# New to spinning and old spinning wheel



## southernmom (May 1, 2013)

Hey all-I've been into crocheting, needle felting, etc. for many years and got tired of buying pricey wool so a year ago I bought a few wooly sheep for the farm and now that I have piles of wool laying around I am dabbling in the spinning world. (which I am sure will turn into a full fledged obsession!)

I found this old spinning wheel at the market pretty cheap and picked it up. The old man said he got it from a very old lady, (who spins)who said it was an old english spinning wheel from the late 1800's. 

If anybody can point me in a direction in terms of what kind of wheel this is (saxony? traditional?) if it's worth a darn and maybe a tutorial? I appreciate it. I did a bunch of looking around and can't seem to find much about it. 

Thanks so much, ladies!







[/IMG]


----------



## southernmom (May 1, 2013)

...and I have no idea why it is sideways.


----------



## Jacki (May 13, 2002)

There is a group on ravelry for Antique spinning wheels that should be able to answer your questions.

Jacki


----------



## Kasota (Nov 25, 2013)

Welcome, Southernmom!! 

I'm not expert on spinning wheels...just started learning myself. I'm sure there are some folks here that will chime in ... and for sure check out the Ravelry forum. 

What kind of wool do you have?


----------



## southernmom (May 1, 2013)

Thanks for the kind welcome! 
I have a finn sheep and some florida wooly cracker sheep. (oh! and some Katahdin sheep but can't use their hair. They are just entertaining.) Enough to keep me in enough wool to keep me busy but not enough to sell, yet.


----------



## Kasota (Nov 25, 2013)

What fun! Can you post pictures of your sheep? We love pictures! 

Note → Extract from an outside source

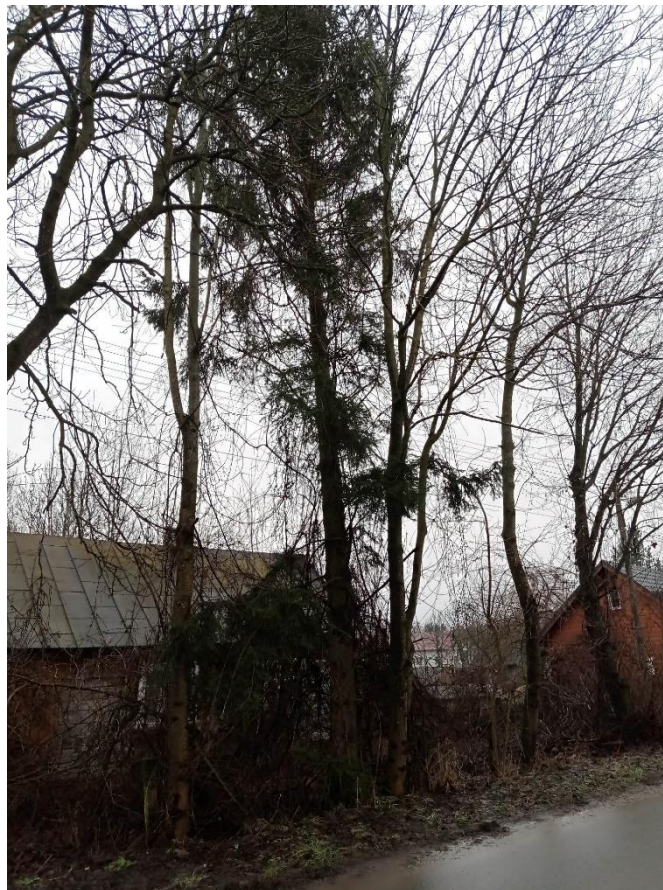
Poz. nr 13, jesion 80 cm, jesion 75 cm, jesion 50 cm, jesion 86 cm,, dz. nr 132, Siedliszcze.

Also - check out the sticky threads at the top of the forum. There is a lot of information there for newbies to spinning like you and I. Lots of information about tools needed, how to wash fleece, etc. 

And I think your wheel looks just lovely!


----------



## Pearl B (Sep 27, 2008)

That looks like a nice wheel! Kinda looks like it has a jumbo bobbin setup. I would love to be able to get my hands on it.

Welcome & Good Luck!


----------



## Marchwind (May 10, 2002)

It looks like a Saxony type wheel to me. Are there any stamps of maker marks on it? It looks like it is together, at least from the one picture you posted. You just need a drive band and you should be spinning on her in no time . I would guess she is a double drive wheel. Can you take and post a picture from the other side and one looking down onto the bobbin and mother of all assembly please?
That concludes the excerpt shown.